### TASK STATEMENT:
Across the data below, how many lines have the word "with" in them? Give the number and nothing else.

### RECORDS PROVIDED:
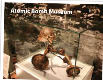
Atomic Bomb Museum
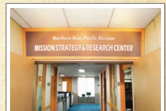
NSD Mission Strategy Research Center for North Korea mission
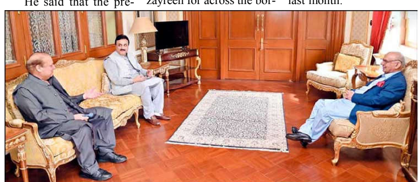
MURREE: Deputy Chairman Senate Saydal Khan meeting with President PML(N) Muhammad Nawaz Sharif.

---

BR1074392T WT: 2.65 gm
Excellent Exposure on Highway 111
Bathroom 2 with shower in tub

### WRITTEN ANSWER:
2